_RECORDS FOR THIS TASK_:
****

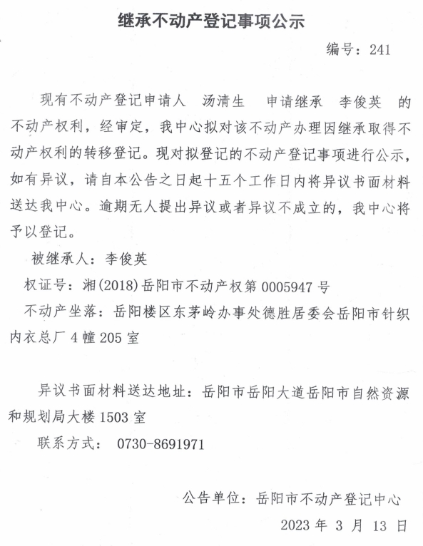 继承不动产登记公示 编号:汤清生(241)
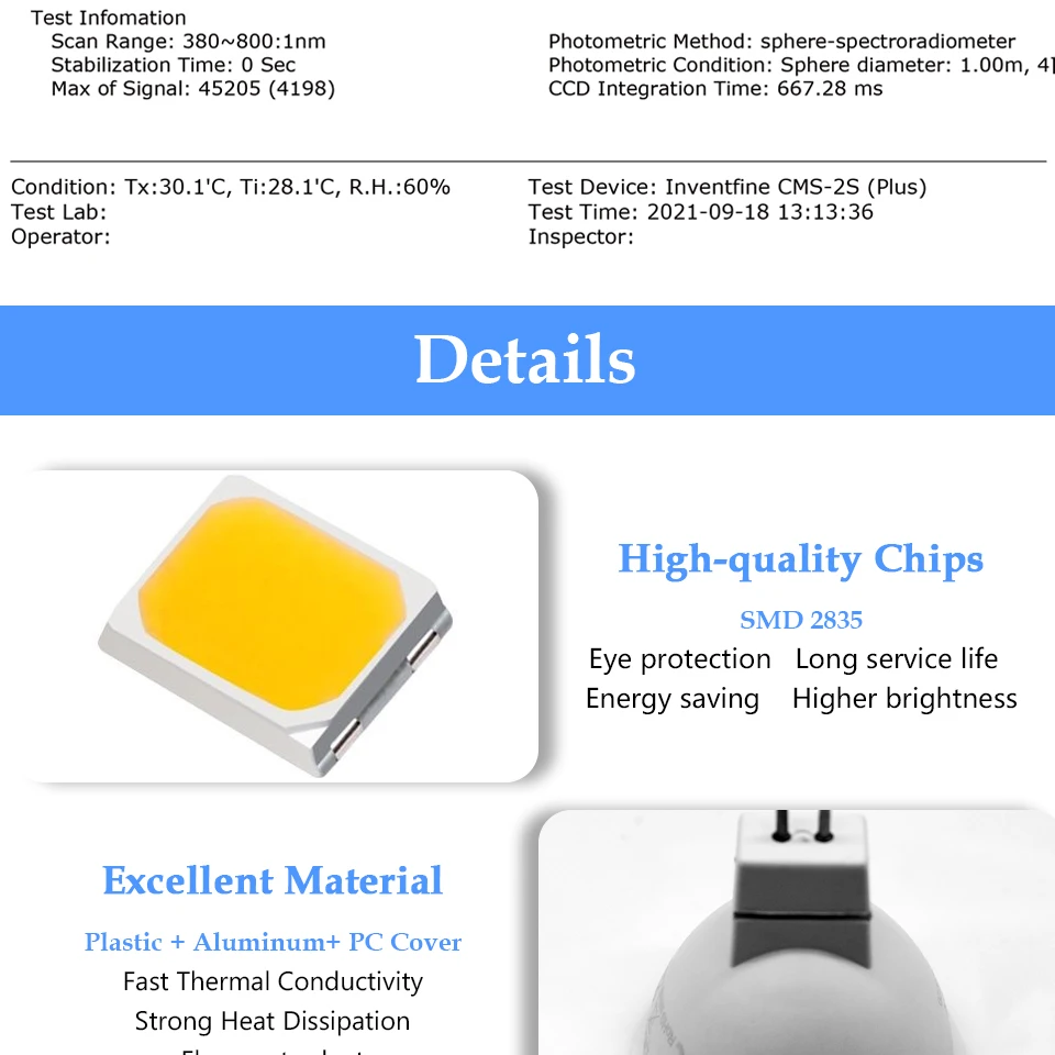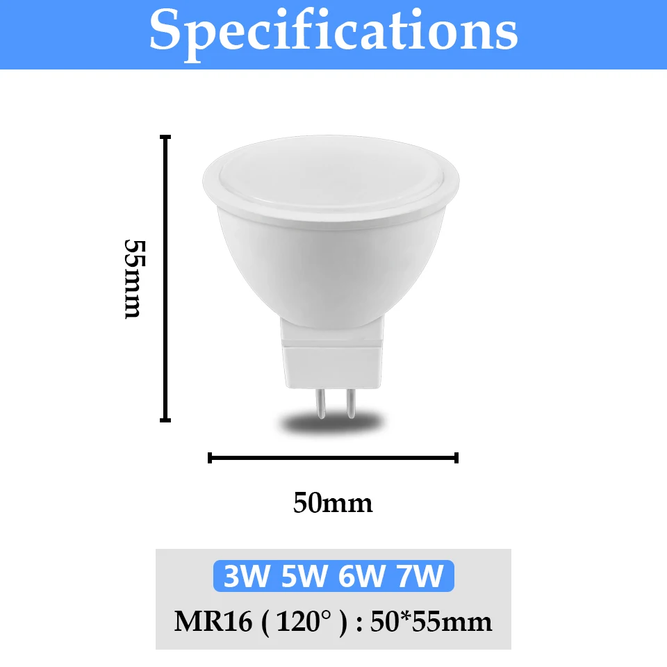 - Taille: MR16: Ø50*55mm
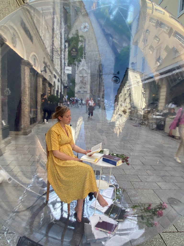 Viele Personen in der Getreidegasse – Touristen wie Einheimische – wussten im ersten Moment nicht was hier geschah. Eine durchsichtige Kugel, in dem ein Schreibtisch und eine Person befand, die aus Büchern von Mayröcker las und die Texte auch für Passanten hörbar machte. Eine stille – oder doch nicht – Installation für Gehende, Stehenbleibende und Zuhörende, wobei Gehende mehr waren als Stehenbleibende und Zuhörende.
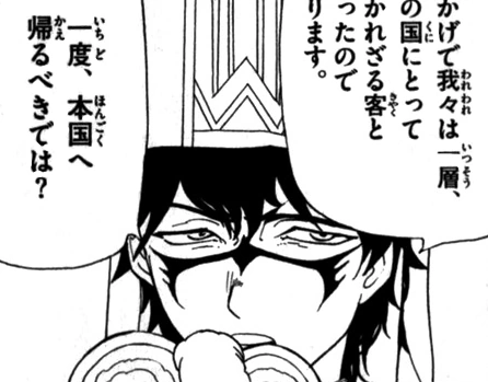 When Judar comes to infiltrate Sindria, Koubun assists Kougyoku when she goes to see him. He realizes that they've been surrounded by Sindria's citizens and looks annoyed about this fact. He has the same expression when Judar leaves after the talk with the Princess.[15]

****

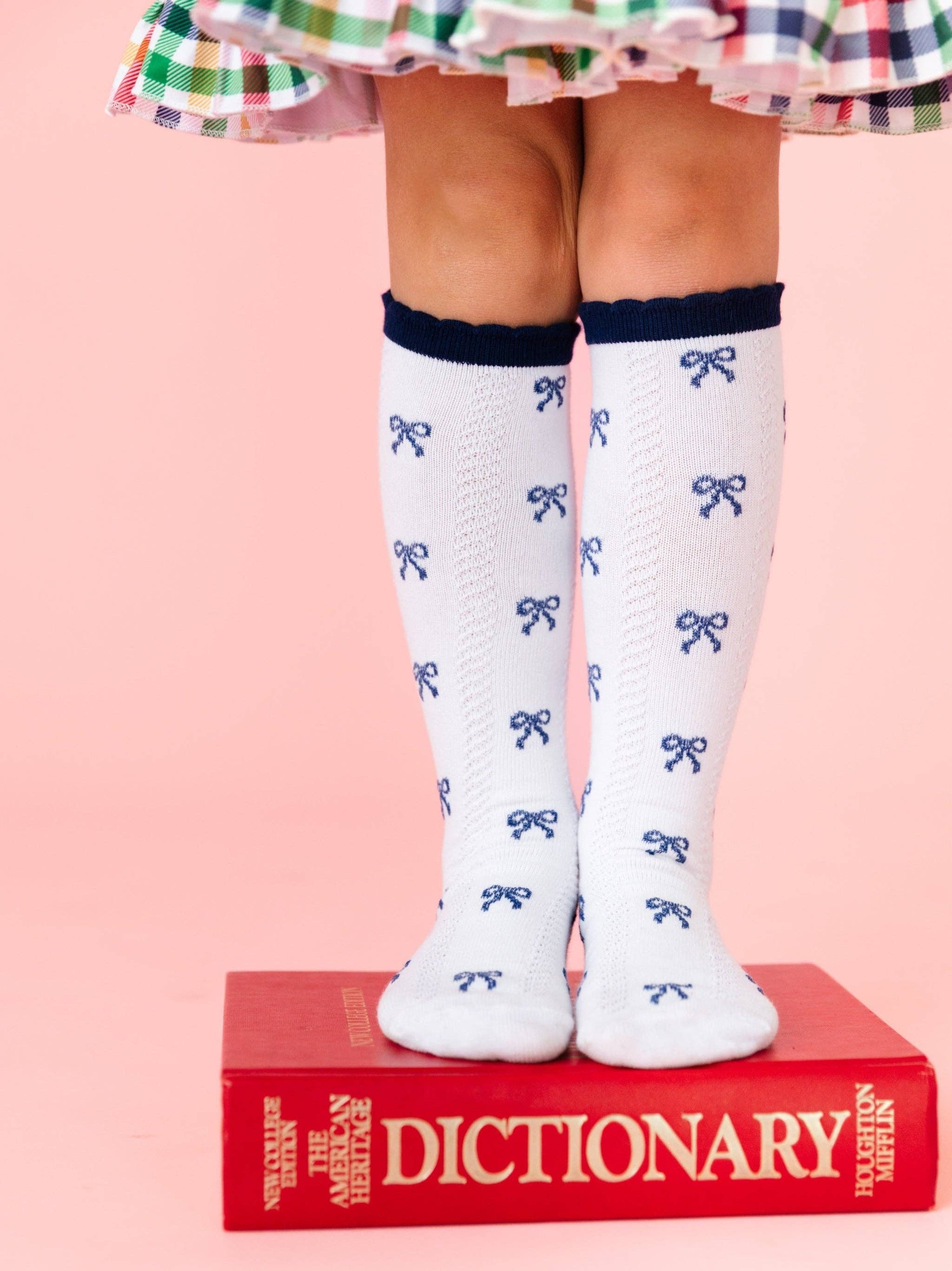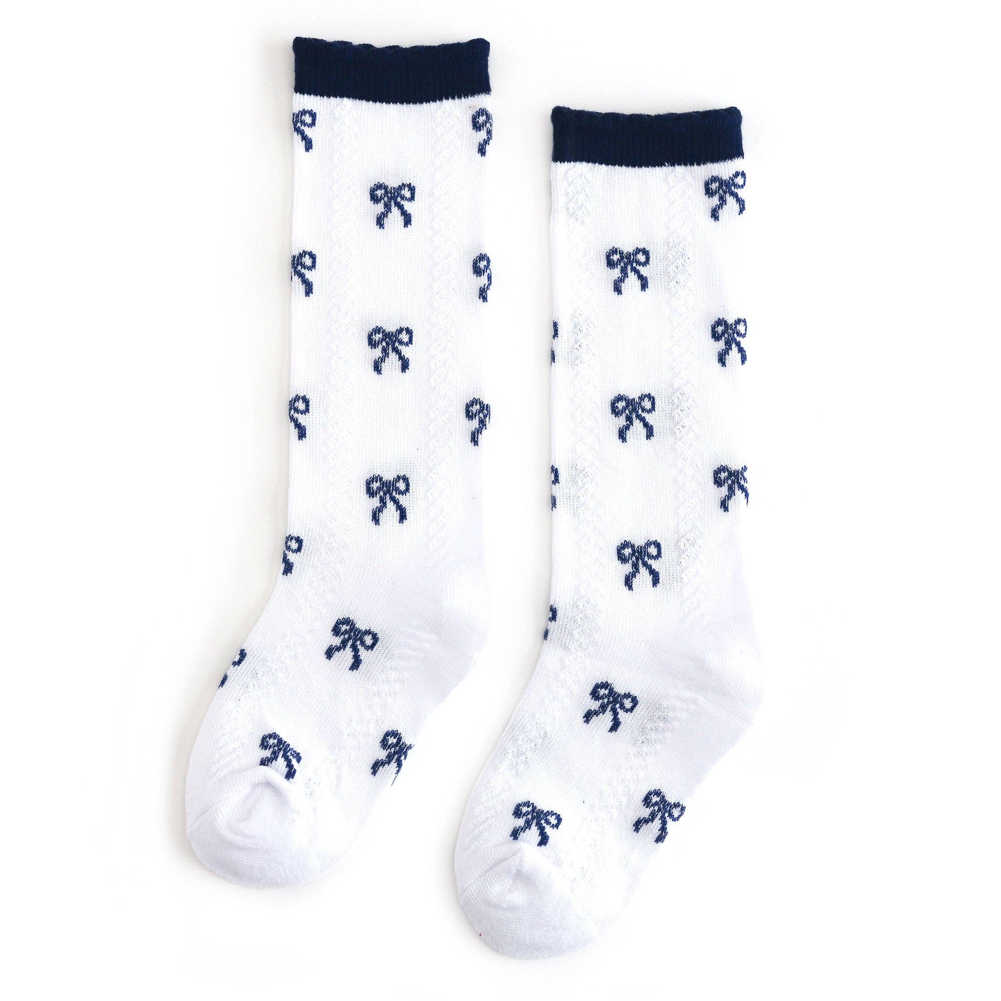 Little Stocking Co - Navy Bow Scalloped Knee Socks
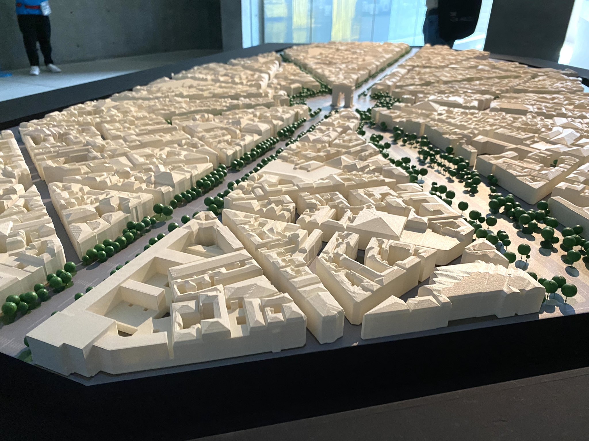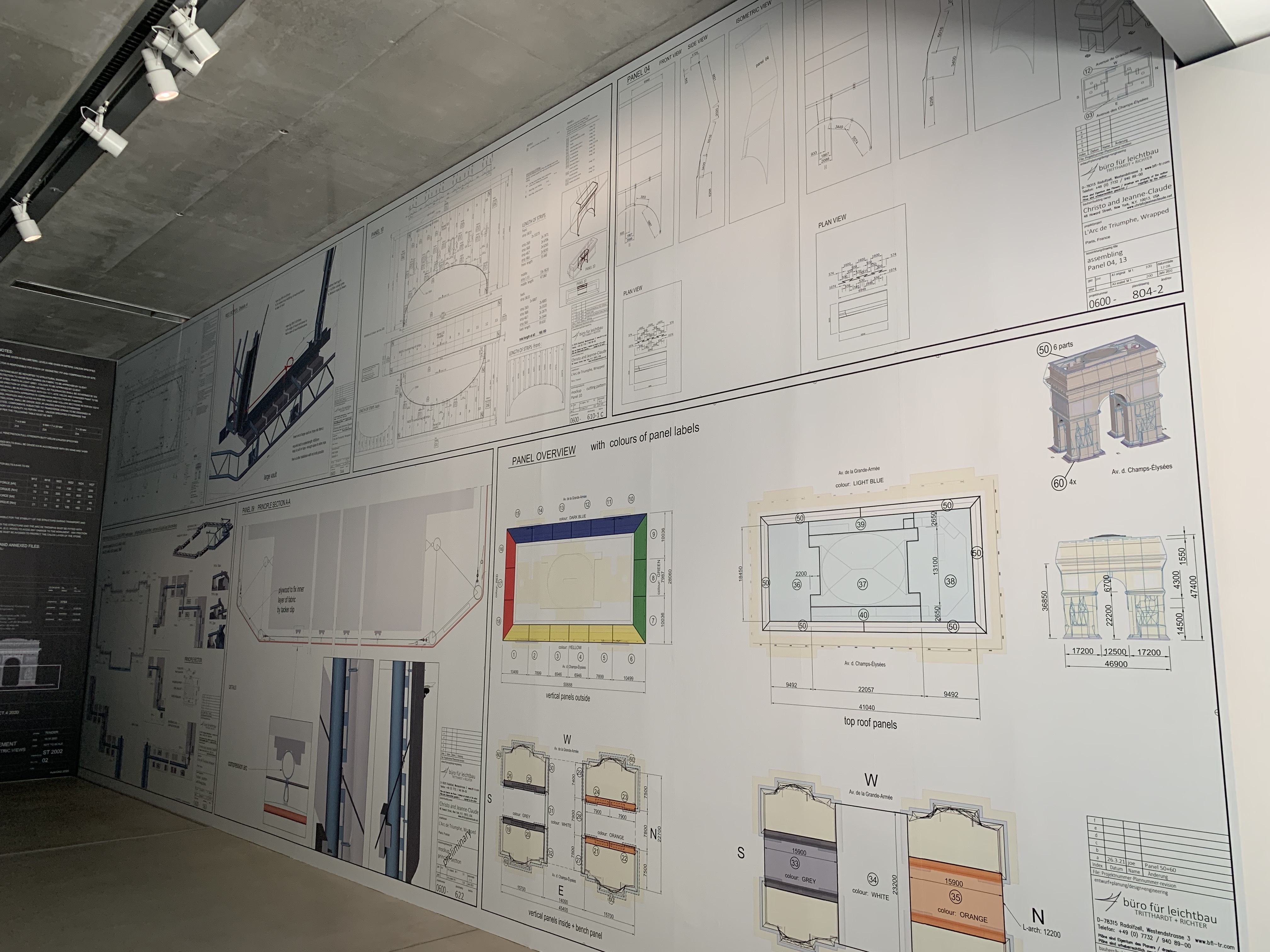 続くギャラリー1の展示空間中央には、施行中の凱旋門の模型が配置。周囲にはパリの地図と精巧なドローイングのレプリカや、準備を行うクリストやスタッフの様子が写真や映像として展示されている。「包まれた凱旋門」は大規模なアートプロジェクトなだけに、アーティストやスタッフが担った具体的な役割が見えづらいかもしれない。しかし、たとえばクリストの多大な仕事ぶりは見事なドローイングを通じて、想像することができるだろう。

****

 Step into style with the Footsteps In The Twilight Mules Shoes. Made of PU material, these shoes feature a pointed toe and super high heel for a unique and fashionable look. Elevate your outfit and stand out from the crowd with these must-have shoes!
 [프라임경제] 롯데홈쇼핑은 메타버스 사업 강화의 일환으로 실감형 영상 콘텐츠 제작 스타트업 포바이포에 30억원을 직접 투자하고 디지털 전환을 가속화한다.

****

_TRY IT_:
Print exactly the lines above that run from the one with "Little Stocking Co" down to the one with "続くギャラリー1の展示空間中", and omit the pictures.

_EXERCISE SOLUTION_:
 Little Stocking Co - Navy Bow Scalloped Knee Socks
 続くギャラリー1の展示空間中央には、施行中の凱旋門の模型が配置。周囲にはパリの地図と精巧なドローイングのレプリカや、準備を行うクリストやスタッフの様子が写真や映像として展示されている。「包まれた凱旋門」は大規模なアートプロジェクトなだけに、アーティストやスタッフが担った具体的な役割が見えづらいかもしれない。しかし、たとえばクリストの多大な仕事ぶりは見事なドローイングを通じて、想像することができるだろう。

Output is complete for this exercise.